The team will have a lot of work to do as it deploys to Bucha, where images of bodies lying in the streets after Russian forces withdrew have shocked the world.
Bucha Mayor Anatoliy Fedoruk told Ukrainian television on Thursday that at least three sites of mass shootings of civilians during the Russian occupation had been discovered. Fedoruk said hundreds of people had been killed and investigators were finding bodies in courtyards, parks and city squares.
The commission, known by its acronym ICMP, already has working relationships with the prosecution of the International Criminal Court and other crime-fighting agencies like Interpol and Europol to share evidence. ICC prosecutor Karim Khan has already opened an investigation in Ukraine.
“We want to make sure that we are working with the Ukrainian authorities to properly search these crime scene sites to identify the mortal remains so that evidence can be provided in the future for criminal trial purposes, not only potentially at the ICC, but also potentially. within domestic courts in Ukraine,” Bomberger said.

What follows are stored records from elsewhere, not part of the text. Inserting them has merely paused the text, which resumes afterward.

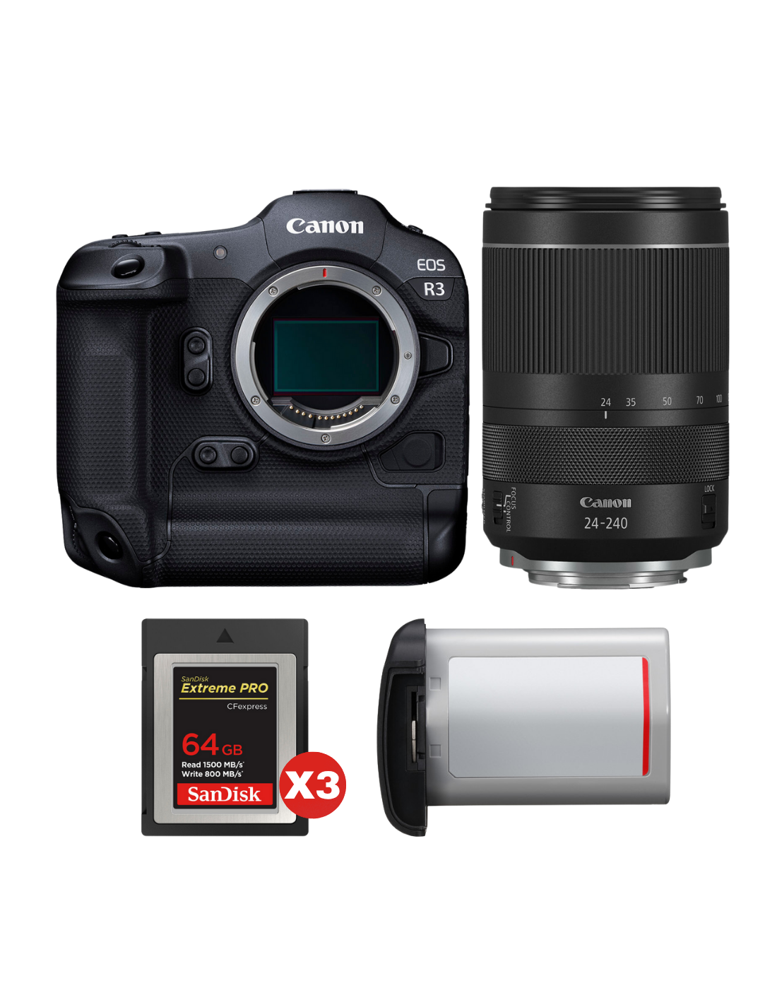 Canon EOS R3 + RF 24-240mm f/4-6.3 IS USM + 3 SanDisk 64GB Extreme PRO CFexpress Type B + Canon LP-E
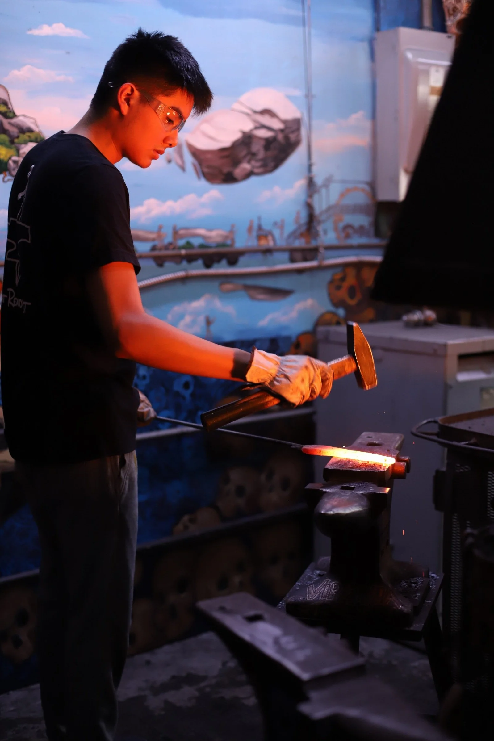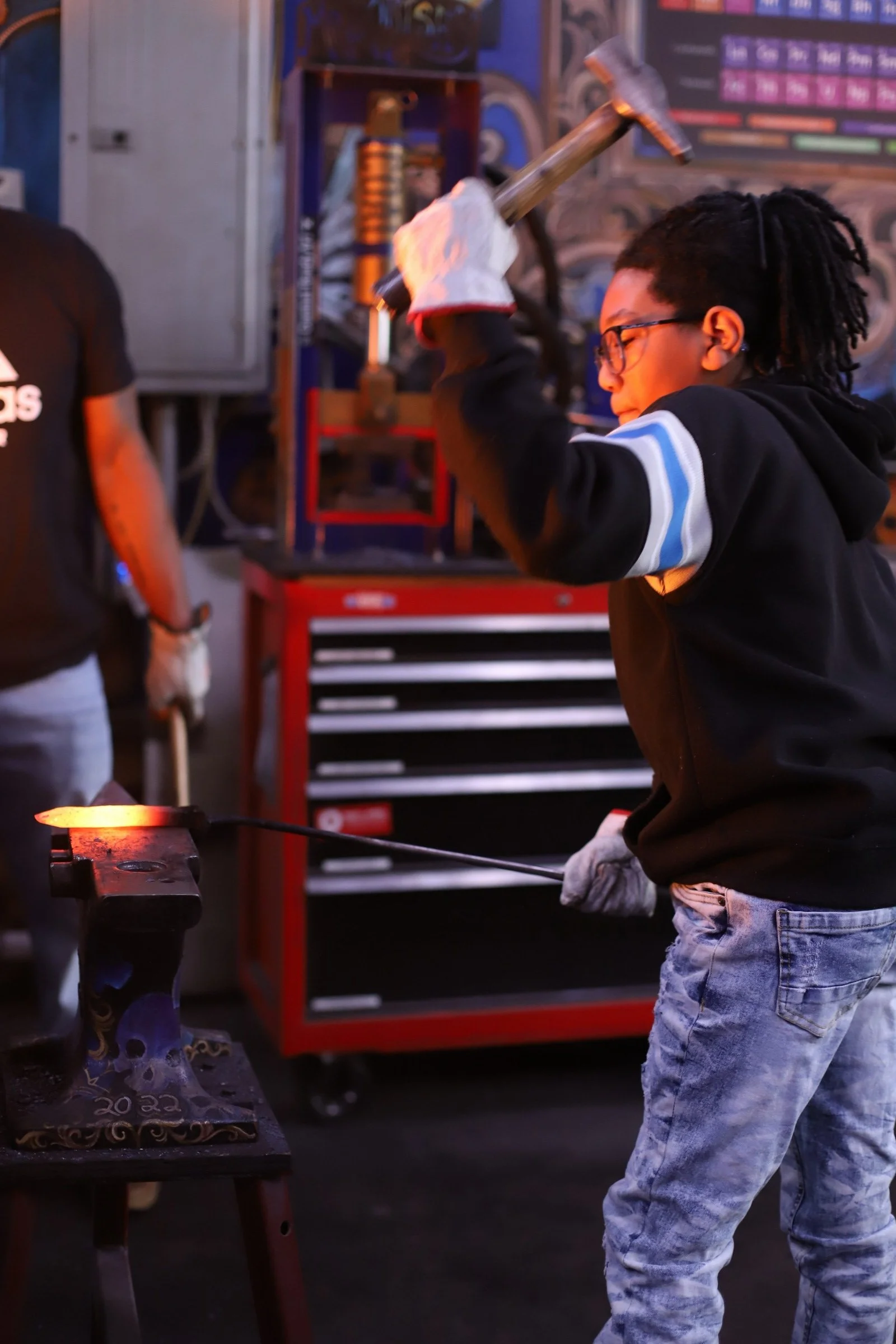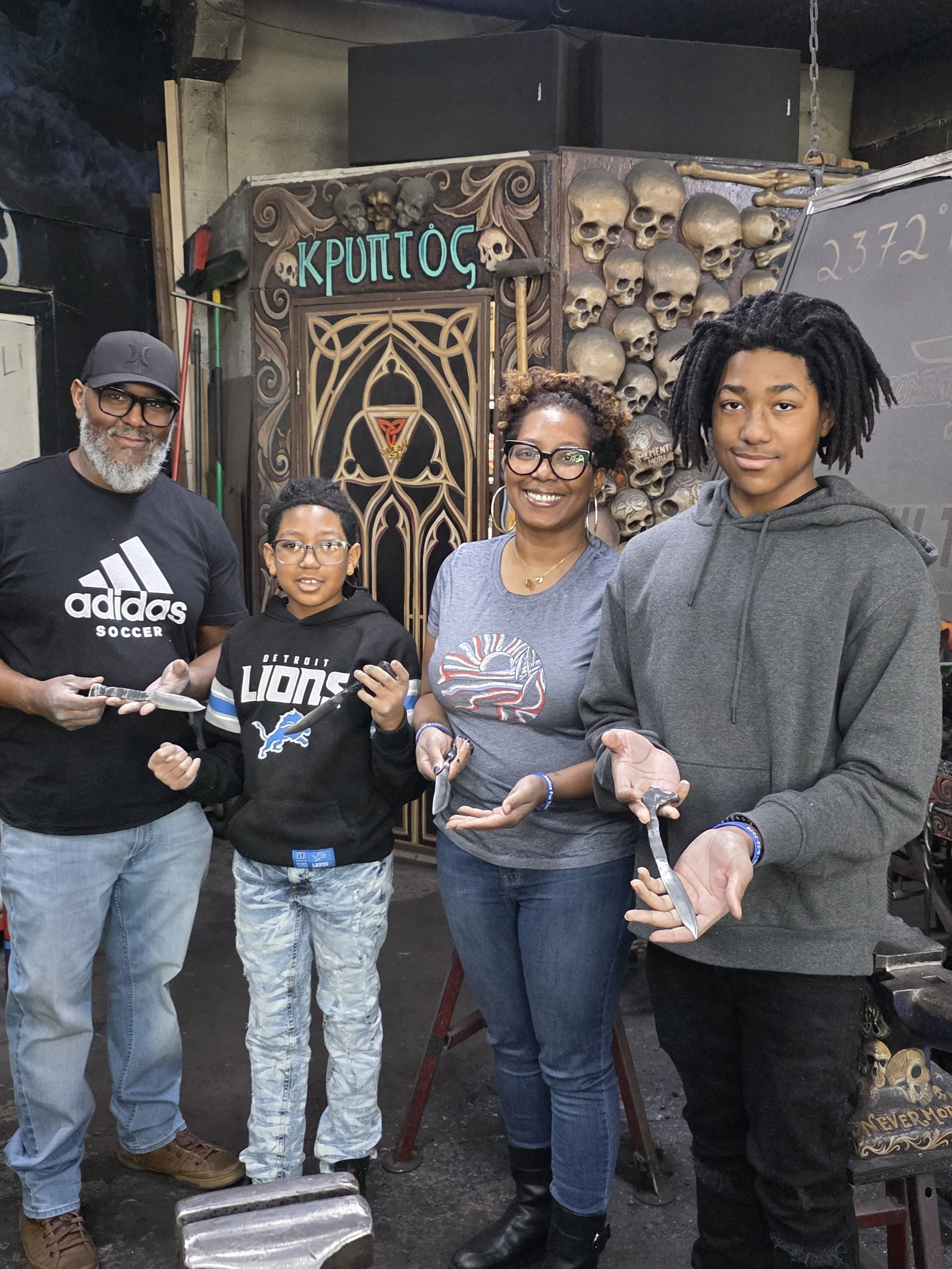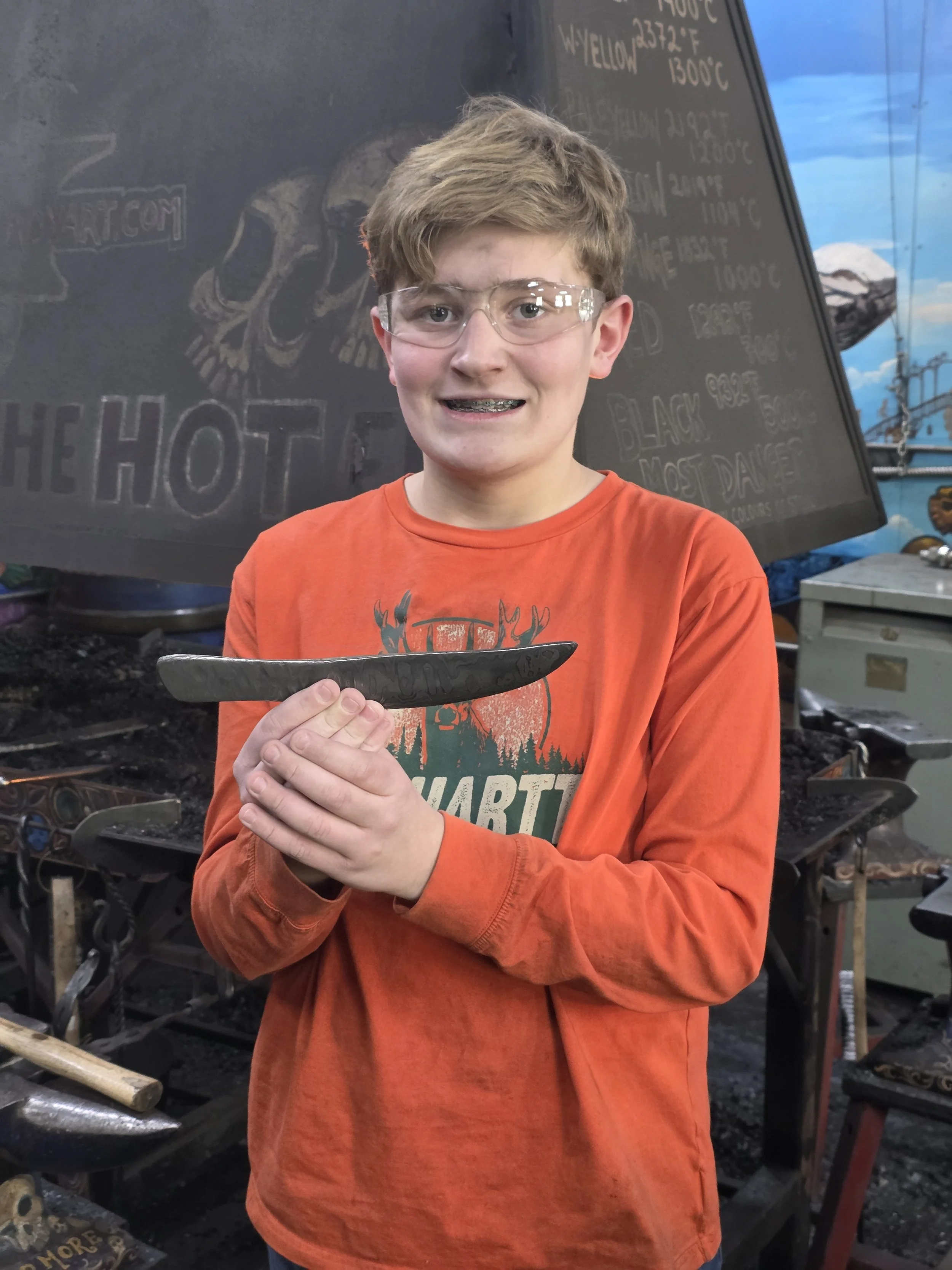 Family fun in the forge this morning! They all did a fantastic job making their first knives!
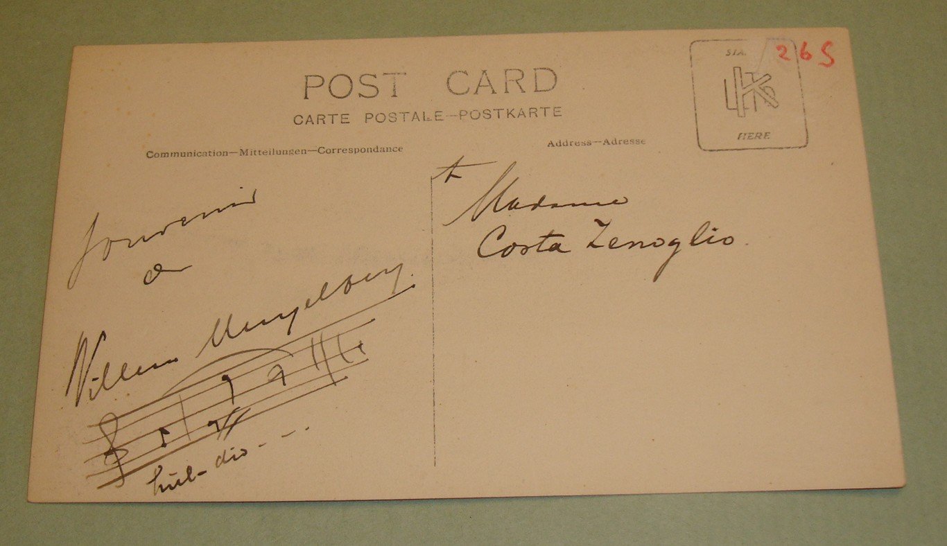 MENGELBERG J. Willem. Celebre direttore d'orchestra. 1871 - 1951. Cartolina autografa firmata diretta a M.me Costa Zenoglio. Dopo la firma due battute musicali.
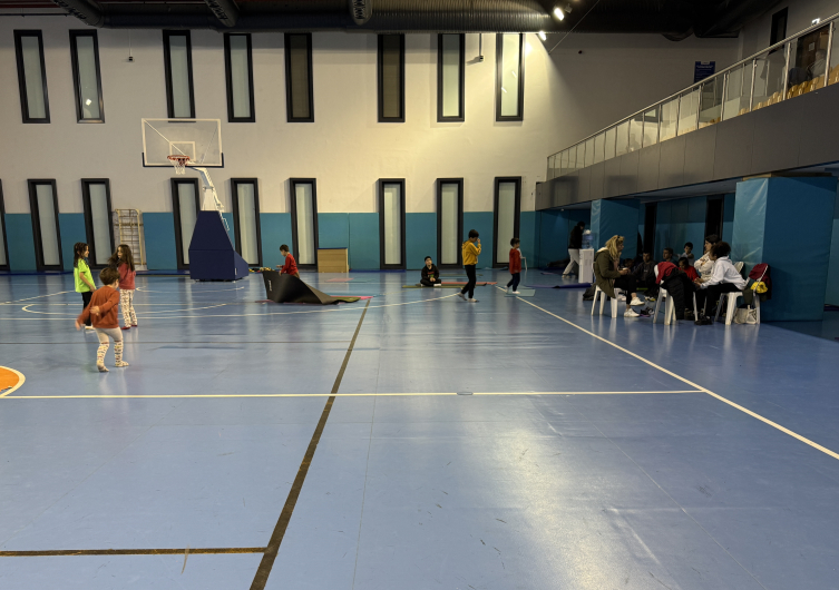 Bazı aileler tribünlerdeki seyirci koltuklarında vakit geçirirken, çocukların müsabaka sahasında oynadığı görüldü.
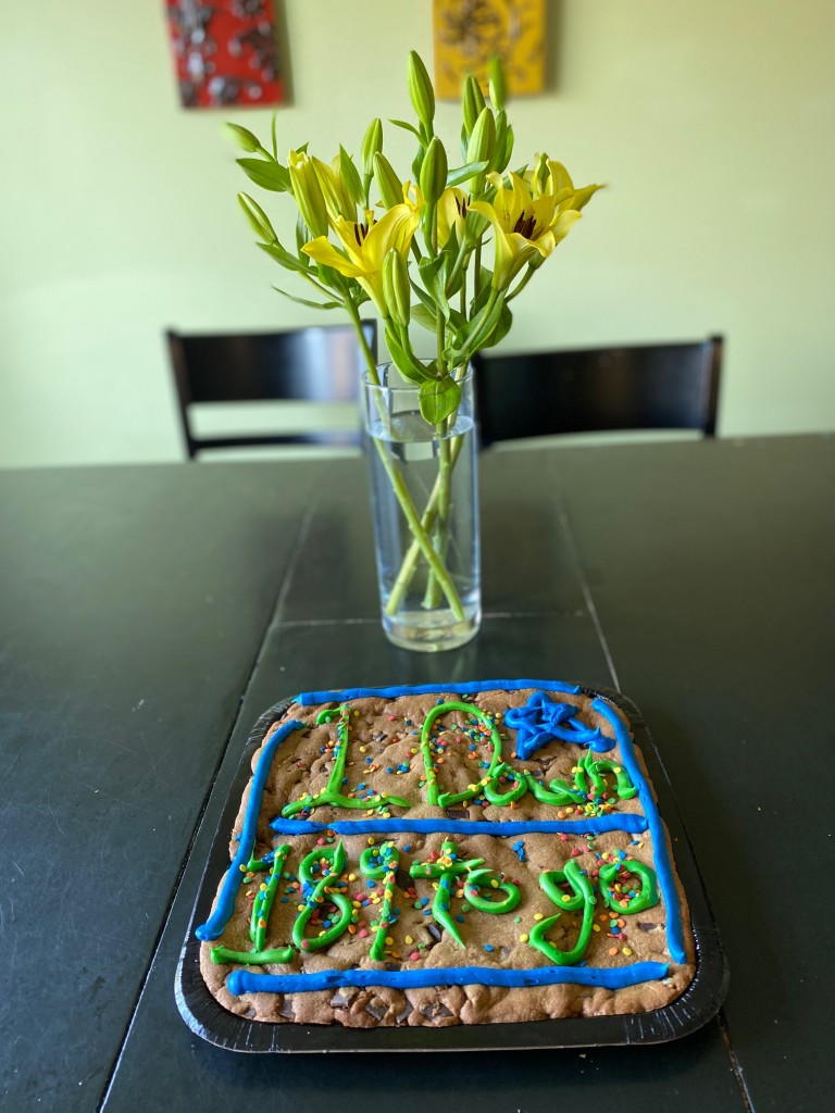 All in all, it was a good day. And the boys really enjoyed running around and playing outside after their first half day of school. Tom was super sweet and thoughtful and came home early with flowers for me and a cookie cake for the boys…he’s the best…totally made me tear up. Team Seyfried!!!
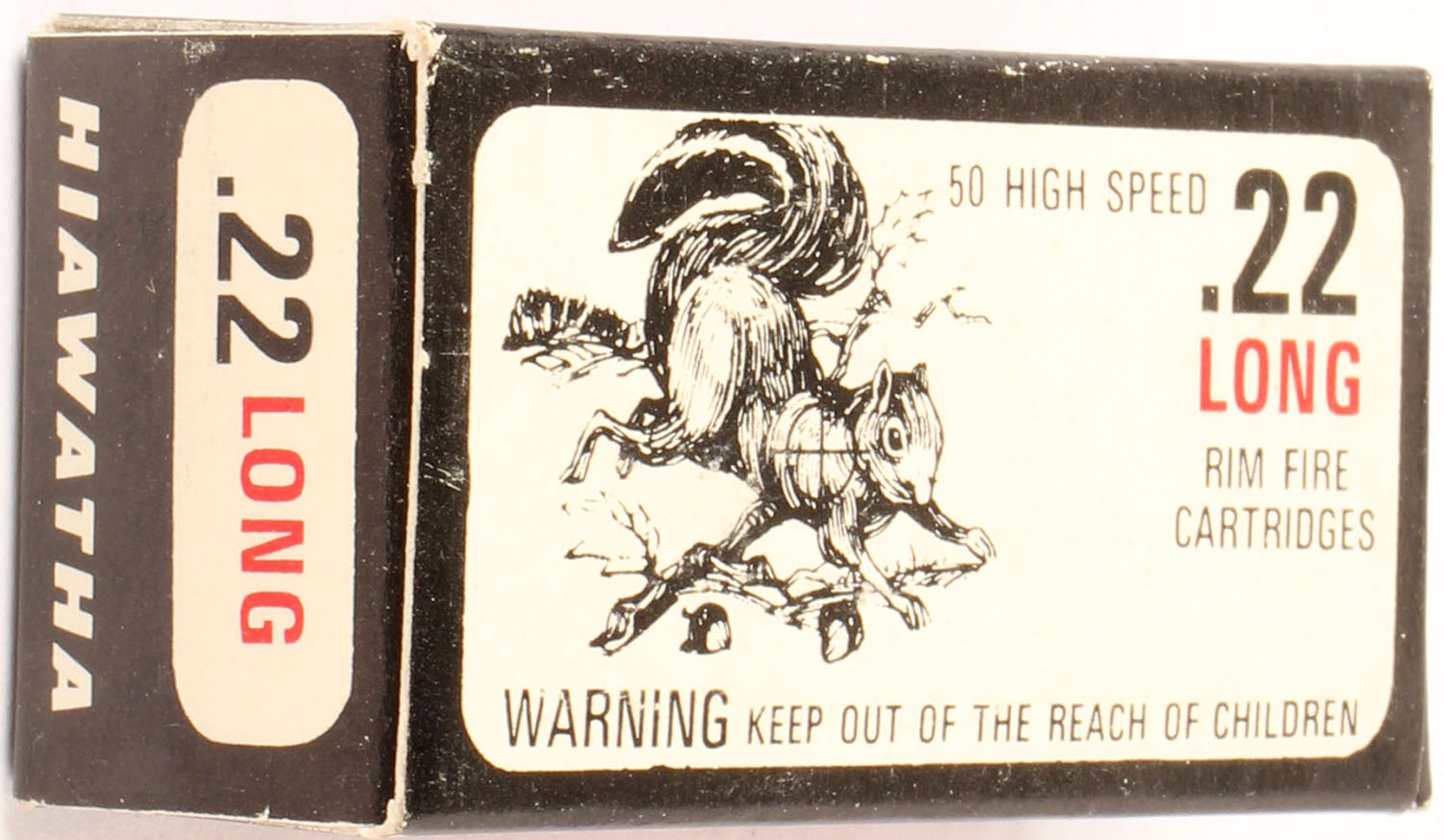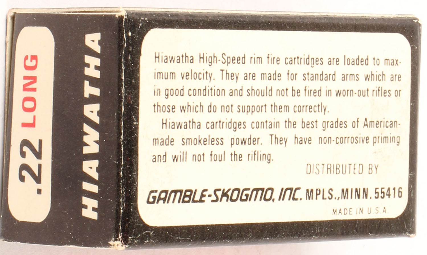 Gambles, Hiawatha, .22 Long, High Speed, RHWeb: GS-5 L-1, Full, 1pc. White black & red box, box is near mint with minty color, only very minor corner wear, edges are crisp, end flaps are solid, ammo is minty. Grade: Excellent ++ - Value: 50 to 75
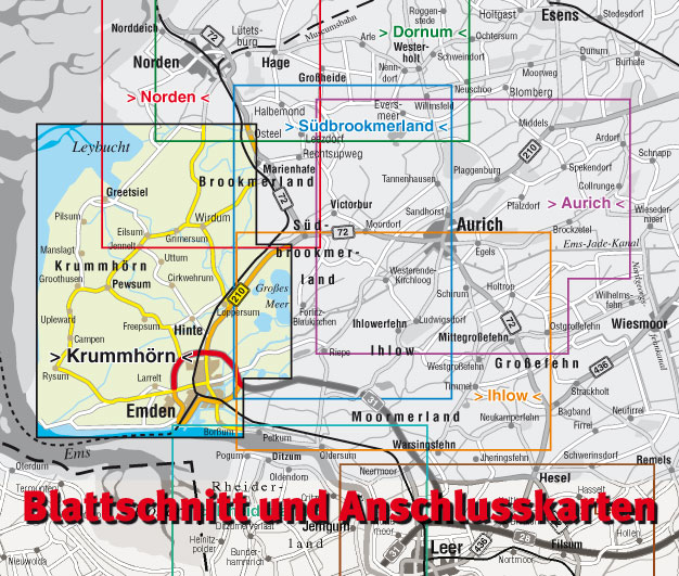 19 Ortspläne der Gemeinde Krummhörn in 1:7.500 und Freitzeitkarte 1:30.000 inkl. Radrouten und Wanderwegen

The organization is at the forefront of using new technologies in its painstaking work of identifying bodies from the smallest samples.
“We have implemented a new extraction technique, which allows us to extract more DNA from smaller or more damaged bone fragments,” said Kieren Hill, head of the DNA laboratory. “This is quite a unique method in terms of application in the missing person context.”
On Friday, lab staff dressed in white clothes covered with blue plastic coveralls, hairnets and gloves worked meticulously on other cases, grabbing small bone shards in forceps and grinding their surfaces with the DNA research.
The ICMP has an online portal where Ukrainians can anonymously report the location of bodies and will help family members of the missing provide DNA samples to help identify them.
The commission was set up to find the dead of the Balkan wars of the 1990s. Its sterile, high-tech labs are a world away from the muddy mass graves where the organization’s experts first made a name for themselves among the rotting dead. of the 1995 Srebrenica massacre of more than 8,000 Bosnian Muslim men and boys.
They helped put names to bodies which, in some cases, were torn up and strewn across several mass graves as Bosnian Serb forces buried and then re-buried the dead in a bid to cover the traces of their genocidal attempt. to annihilate the Bosniaks of Srebrenica.
The commission made sure that they could not cover their tracks. Bosnian Serb military leader General Ratko Mladic and his political master Radovan Karadzic are currently serving life sentences for crimes including genocide. Both men were convicted in part thanks to evidence collected by the ICMP.
Funded by voluntary contributions from governments, the organization has since helped national governments put names to thousands of other people whose unmarked remains have been recovered from sites comprising more than 3,000 mass and clandestine graves.
He has worked at crime scenes and disaster sites around the world, including Syria, Libya and Iraq. The organization also helped identify victims swept away by the 2004 Indian Ocean tsunami and extracted DNA from bone samples of 250 people killed when Hurricane Katrina hit Louisiana in 2005.
Ukraine could prove to be one of its biggest challenges yet, as the organization works with Ukrainian authorities to investigate and build cases amid an ongoing war.
“So making sure that this process happens in accordance with the proper investigations, that these sites are properly documented, that the proper chain of custody is obtained, will be a challenge,” Bomberger said. “I think under the circumstances, while there is an active conflict.” (AP)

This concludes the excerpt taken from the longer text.